Giorgia Meloni interviewée par le New York Times : "Est-ce que j'aurai bientôt des nouvelles de Trump ? Nous verrons. Je n'aime pas l'idée d'une Italie asservie"

Giorgia Meloni interviewée par le New York Times : « Est-ce que j’aurai bientôt des nouvelles de Trump ? Nous verrons. Je n’aime pas l’idée d’une Italie asservie »

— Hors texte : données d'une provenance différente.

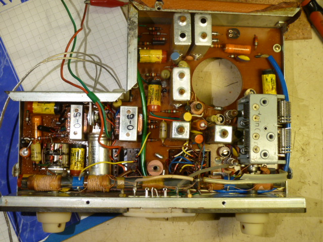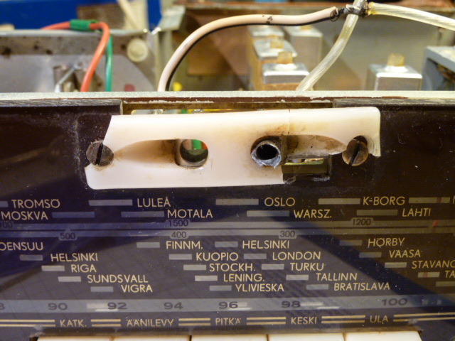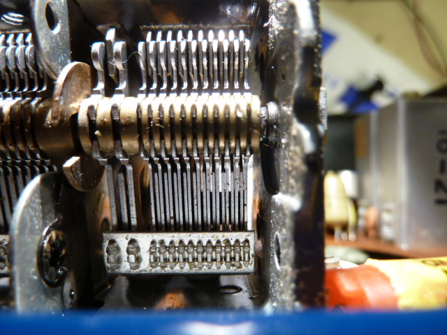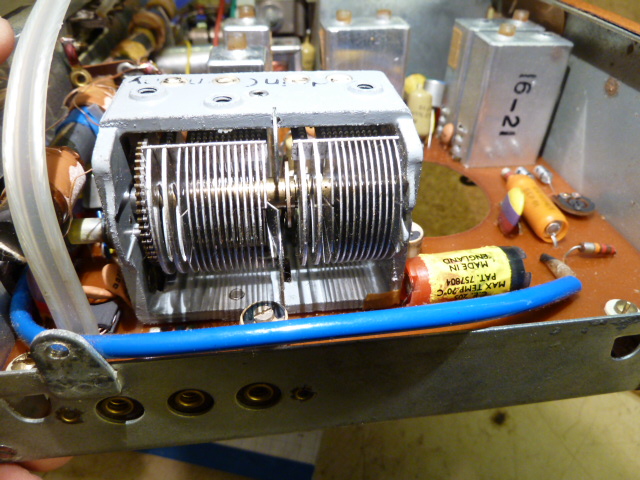 Kytkin jännitteen laitteeseen ja ... ULA lauloi heti. Harmi ... Eihän tästä tule mitään ajankulua;) Kokeilin Keskipitkiä ja sieltäkin kuului selkeästi .. aluksi. Mutta kiertäessäni säätökonkan sisään sekosi vastaanotin, rahisi ja vinkui. Heti näkyi, että ulommat kiertyvät kielet olivat taittuneet. Oikaisin niitä ja se auttoi hiukan. Seuraavaksi huomasin, että levyjen välissä näytti olevan likaa. Ruiskutin konkkaan elektroniikan puhdistusainetta ja puhalsin paineilmalla huolella. Taas parani,mutta ei vieläkään täydellinen. Tarkaan katsoessa näytti, että että kieryvät levyt eivät olleet ihan keskellä paikallaan pysyvien levyjen suhteen. Säätökonkan päässä on säätöruuvi, jota löysäämällä kiertyvä pakka keskittyi oikeaan paikkaan (tuurilla?) .. ja samalla loppui keskipitkillä (ja pitkillä) rähinät. AM alueetkin toimii. Siinä se ... hieno radio. On mekaanisesti harvinaisen selkeä ja helppo laite.

« Il est clair que je pensais que cela aurait été plus facile avec Donald Trump, compte tenu de nos positions convergentes sur l’immigration et la culture ‘woke' », mais « les choses se sont passées différemment ». C’est ce qu’affirme la Première ministre Giorgia Meloni dans une interview accordée au New York Times. Meloni a admis qu’ils n’avaient pas parlé au président américain depuis plusieurs semaines, après que la locataire de la Chambre ait déclaré « Elle m’a supplié de prendre une photo avec elle, j’ai eu pitié d’elle » et les allers-retours qui ont suivi. Et lorsqu’on lui a demandé si elle et Trump auraient l’occasion de se parler après les vacances d’été, elle a répondu : « Eh bien, nous verrons. » Mais, a-t-il ajouté, « je continue de croire que l’unité de l’Occident est fondamentale. Je ne décide pas de la stratégie italienne en fonction de mes relations personnelles ».

Le Premier ministre a ensuite ajouté : « Ce qui m’intéresse, c’est de savoir si je suis libre de devenir président du Conseil des ministres. C’est l’égalité, ne pas être appelé ‘président' », répondant à une question sur les critiques pour avoir choisi d’être appelé ‘Premier ministre’, précisant : « Je crois que ce qui m’a amené jusqu’ici, c’est le courage de prendre le côté inconfortable de l’histoire. De choisir d’aller à contre-courant ».

Puis il a expliqué : « Je n’aime pas qu’on me dise quelles sont mes limites. Je n’aime pas l’idée d’une Italie subjuguée, d’une Italie qui se considère inférieure aux autres. » Son objectif, a-t-il ajouté, est de provoquer « la plus grande révolution possible dans cette nation : une révolution de la fierté ».